- PROBLEM STATEMENT
Exercise in exact copying: restate word for word only the lines below from the one containing "Lief geboortekaartje voor" through the one containing "Fügen Sie dann", omitting any pictures.
Segment Start: GIVEN RECORDS
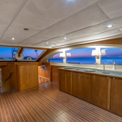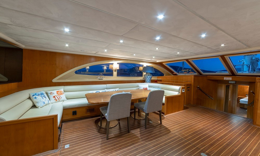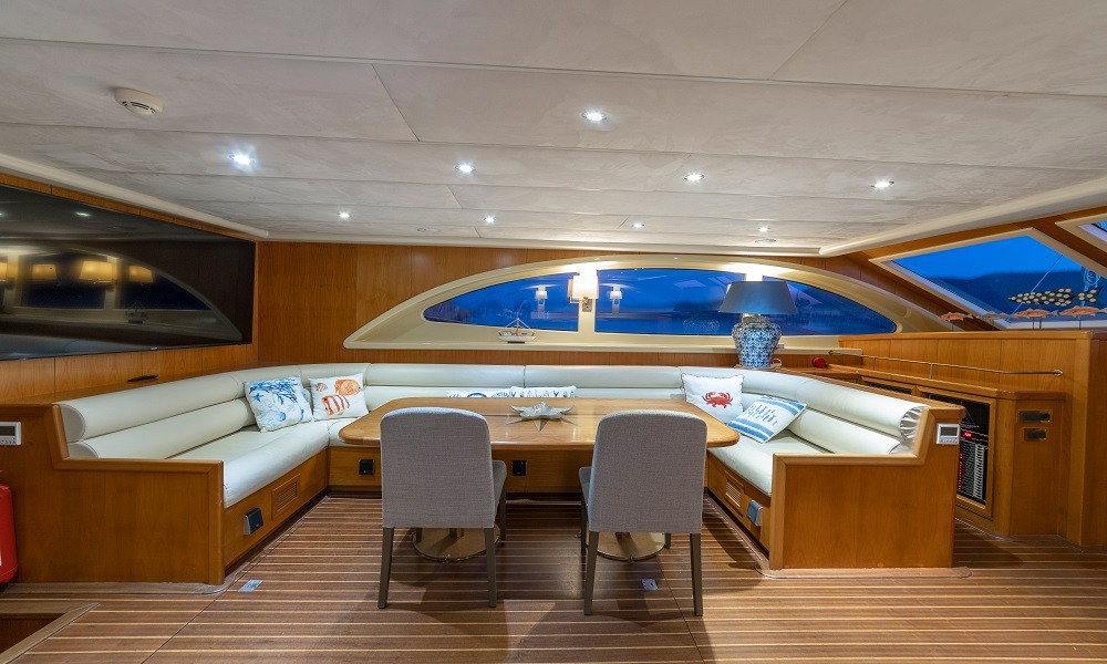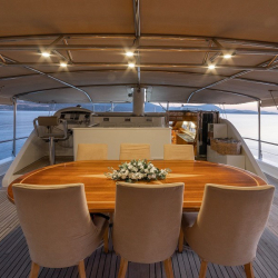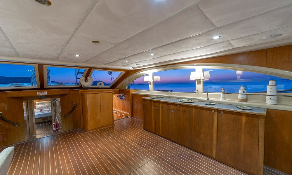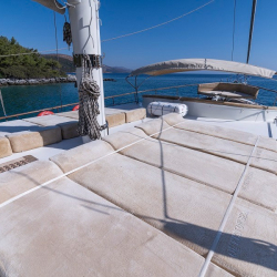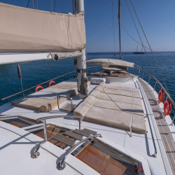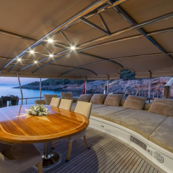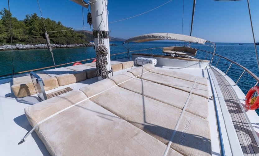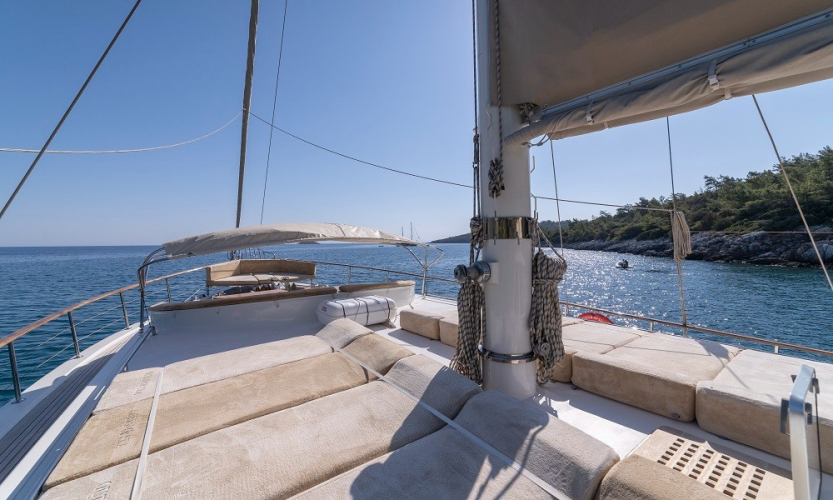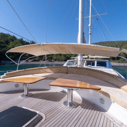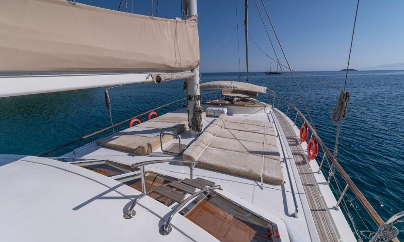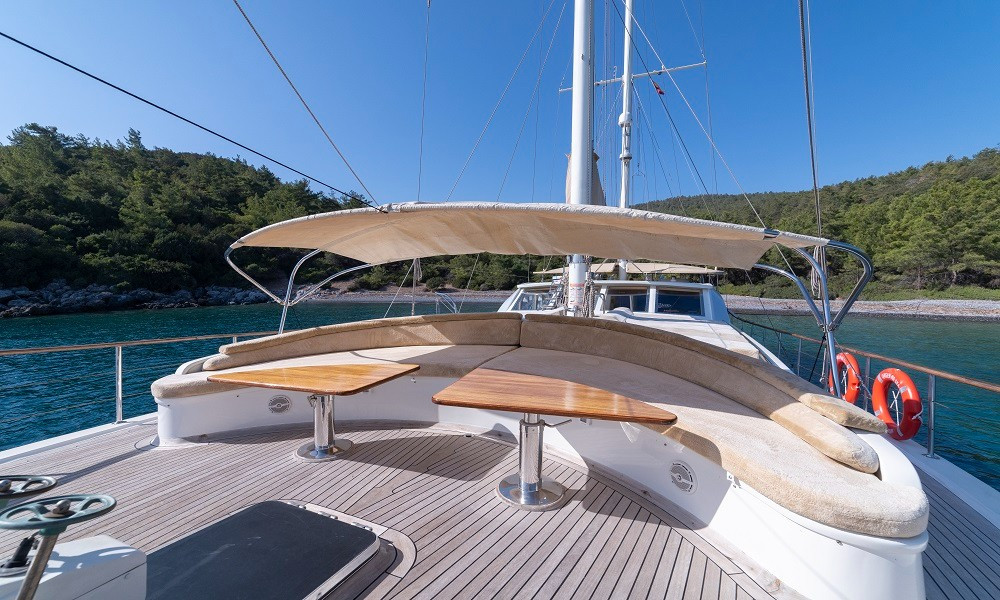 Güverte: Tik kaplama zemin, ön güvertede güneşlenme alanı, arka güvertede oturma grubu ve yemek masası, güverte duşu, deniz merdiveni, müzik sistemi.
Segment End: GIVEN RECORDS
Segment Start: GIVEN RECORDS
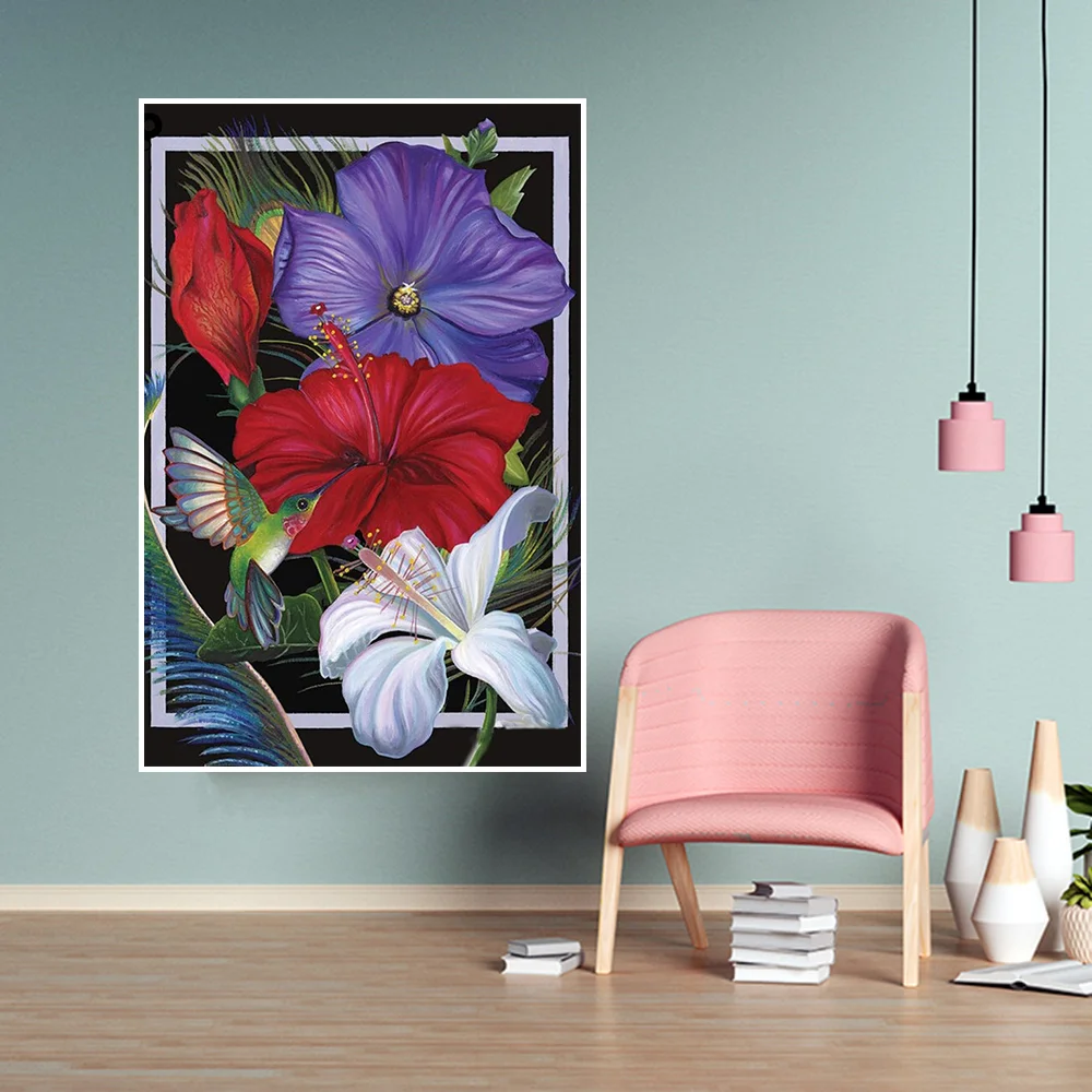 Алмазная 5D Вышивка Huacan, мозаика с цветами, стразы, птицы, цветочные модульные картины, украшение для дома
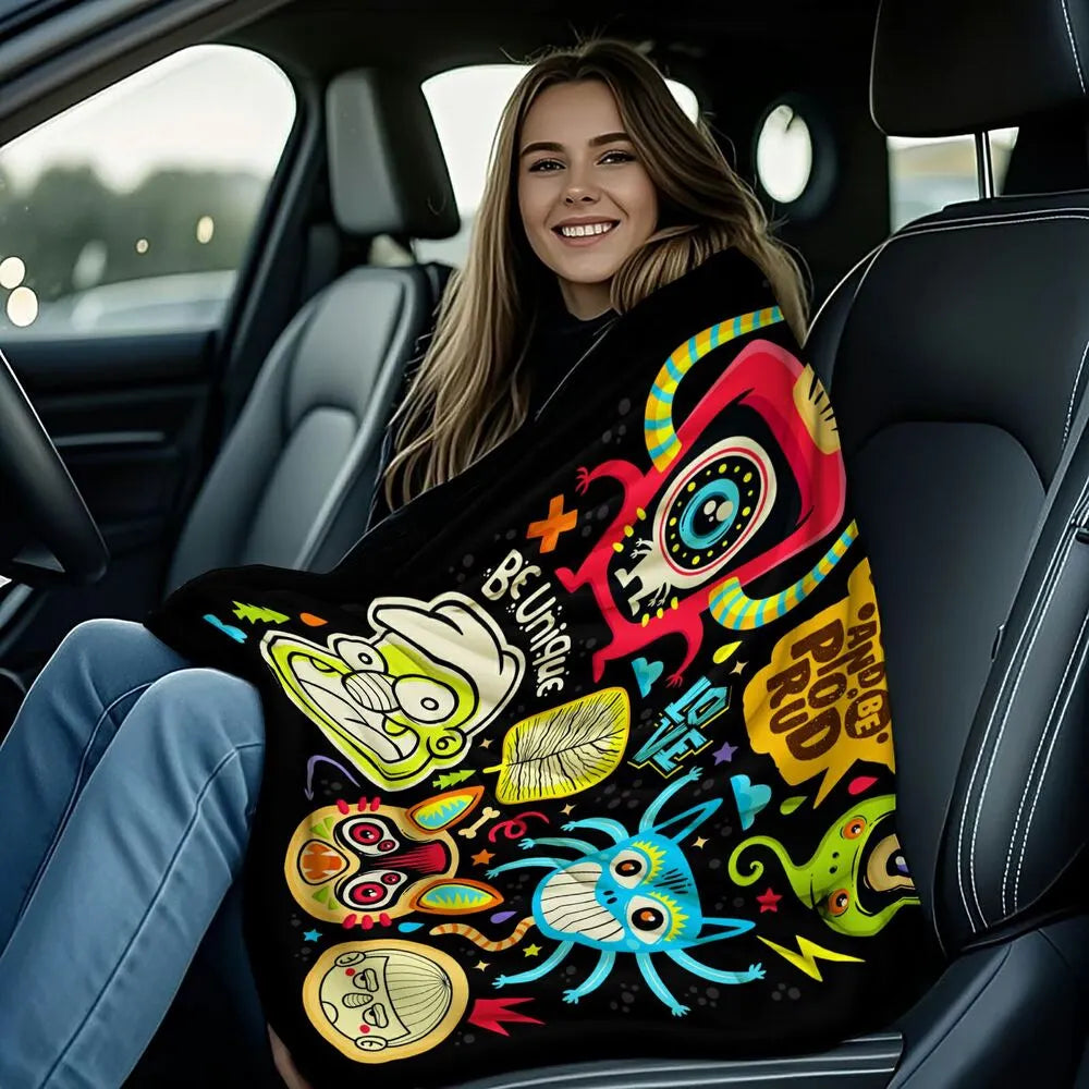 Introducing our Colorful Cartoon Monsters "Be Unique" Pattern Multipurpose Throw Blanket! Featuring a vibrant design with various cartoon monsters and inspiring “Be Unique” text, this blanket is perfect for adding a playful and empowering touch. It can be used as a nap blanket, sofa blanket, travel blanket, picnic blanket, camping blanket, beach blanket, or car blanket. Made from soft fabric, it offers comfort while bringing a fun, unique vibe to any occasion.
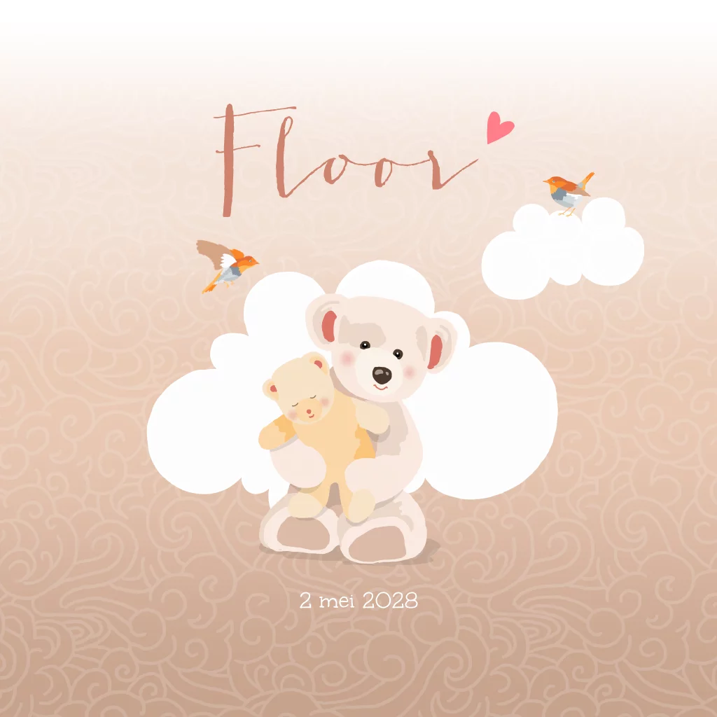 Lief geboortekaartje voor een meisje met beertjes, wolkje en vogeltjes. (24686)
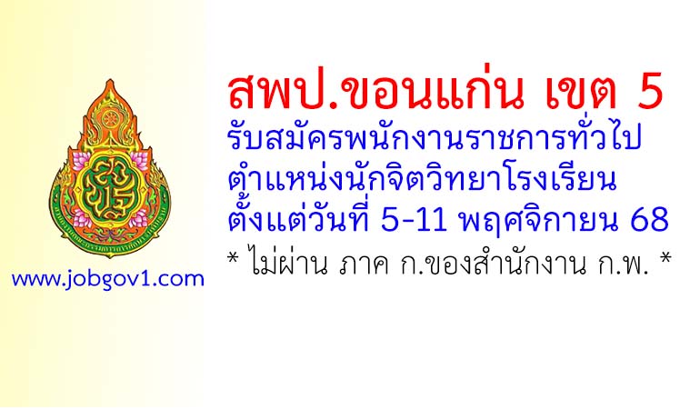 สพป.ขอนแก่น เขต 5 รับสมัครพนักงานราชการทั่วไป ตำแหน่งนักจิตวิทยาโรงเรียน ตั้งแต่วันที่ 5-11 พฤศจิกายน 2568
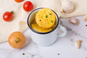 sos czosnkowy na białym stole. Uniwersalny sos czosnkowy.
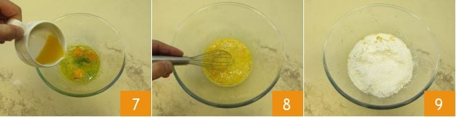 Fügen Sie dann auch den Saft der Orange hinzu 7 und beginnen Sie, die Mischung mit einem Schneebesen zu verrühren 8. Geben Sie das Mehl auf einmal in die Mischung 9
Segment End: GIVEN RECORDS
Segment Start: GIVEN RECORDS
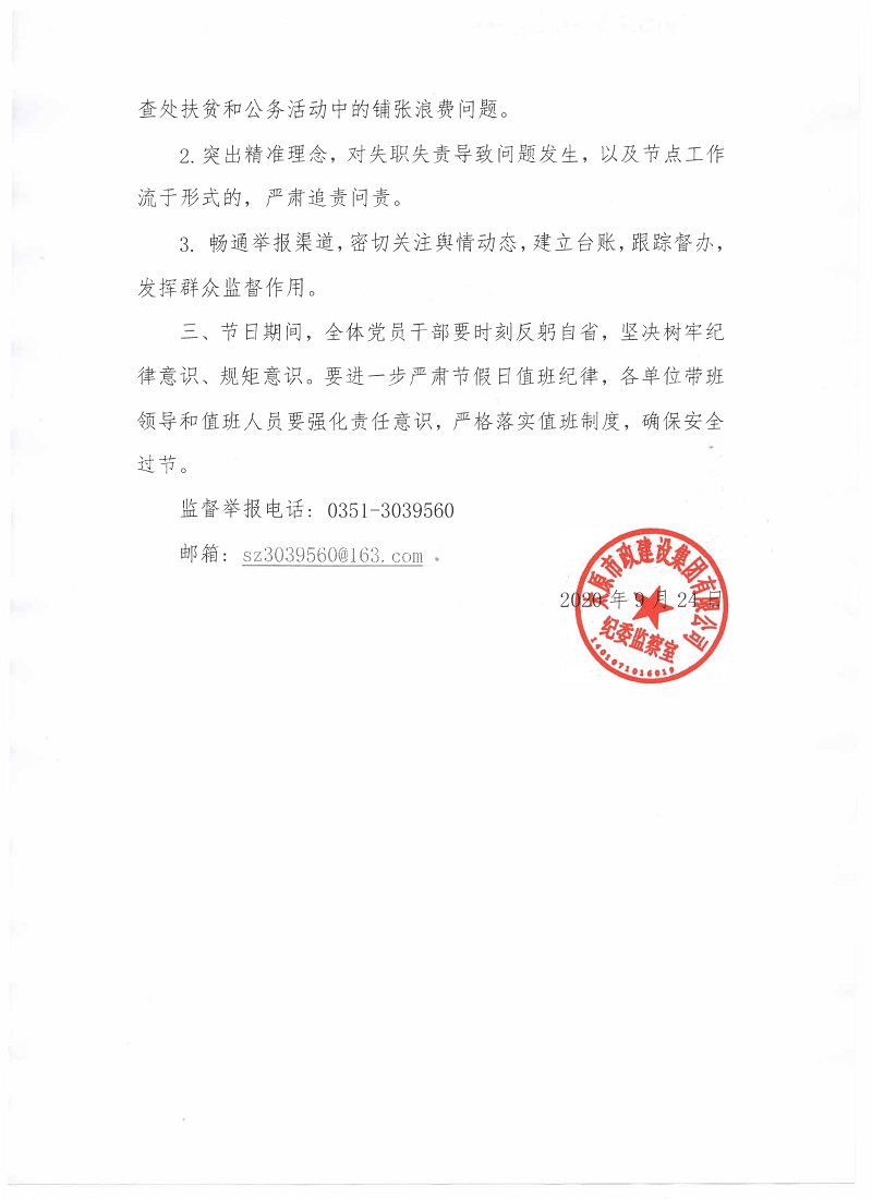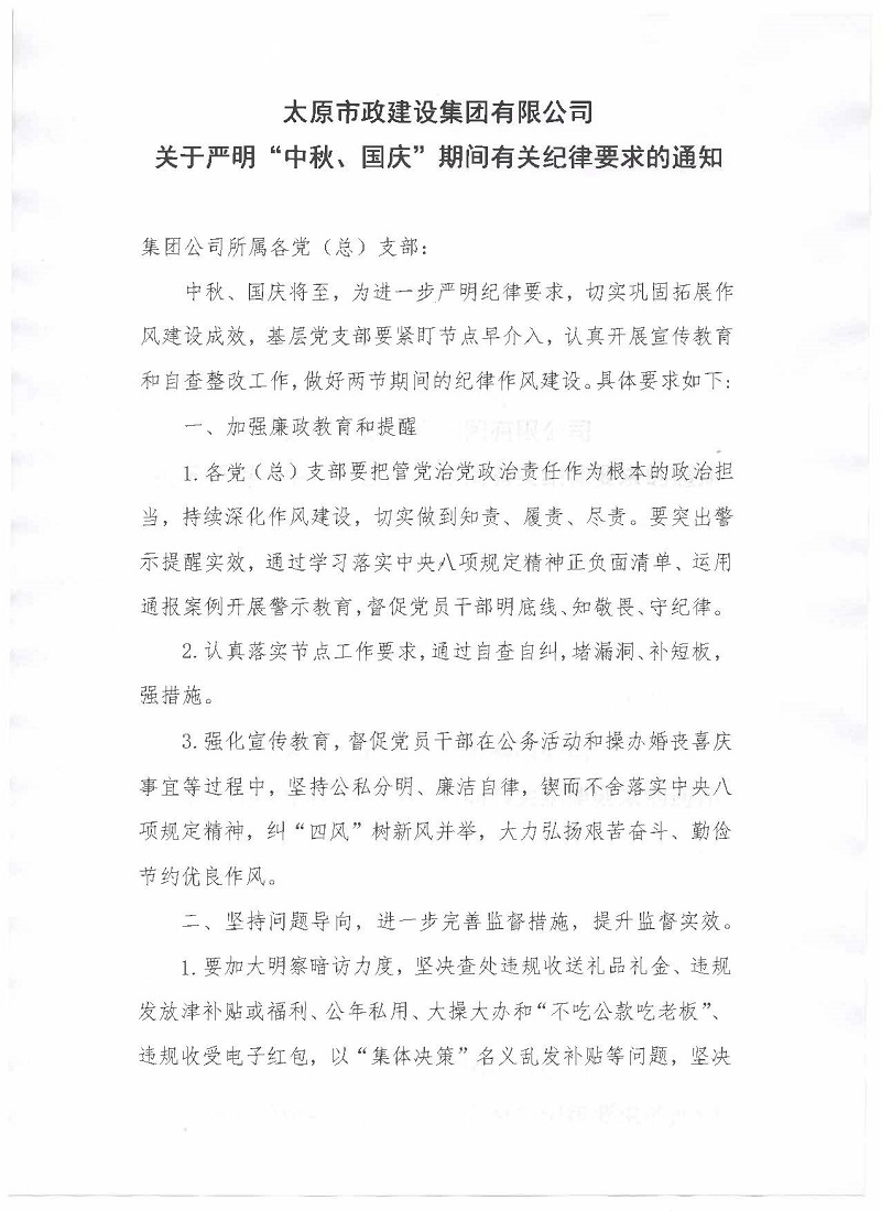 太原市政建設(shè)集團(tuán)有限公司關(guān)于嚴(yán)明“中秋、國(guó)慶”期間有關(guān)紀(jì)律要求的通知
Segment End: GIVEN RECORDS
- OUTPUT
 Lief geboortekaartje voor een meisje met beertjes, wolkje en vogeltjes. (24686)
 สพป.ขอนแก่น เขต 5 รับสมัครพนักงานราชการทั่วไป ตำแหน่งนักจิตวิทยาโรงเรียน ตั้งแต่วันที่ 5-11 พฤศจิกายน 2568
 sos czosnkowy na białym stole. Uniwersalny sos czosnkowy.
 Fügen Sie dann auch den Saft der Orange hinzu 7 und beginnen Sie, die Mischung mit einem Schneebesen zu verrühren 8. Geben Sie das Mehl auf einmal in die Mischung 9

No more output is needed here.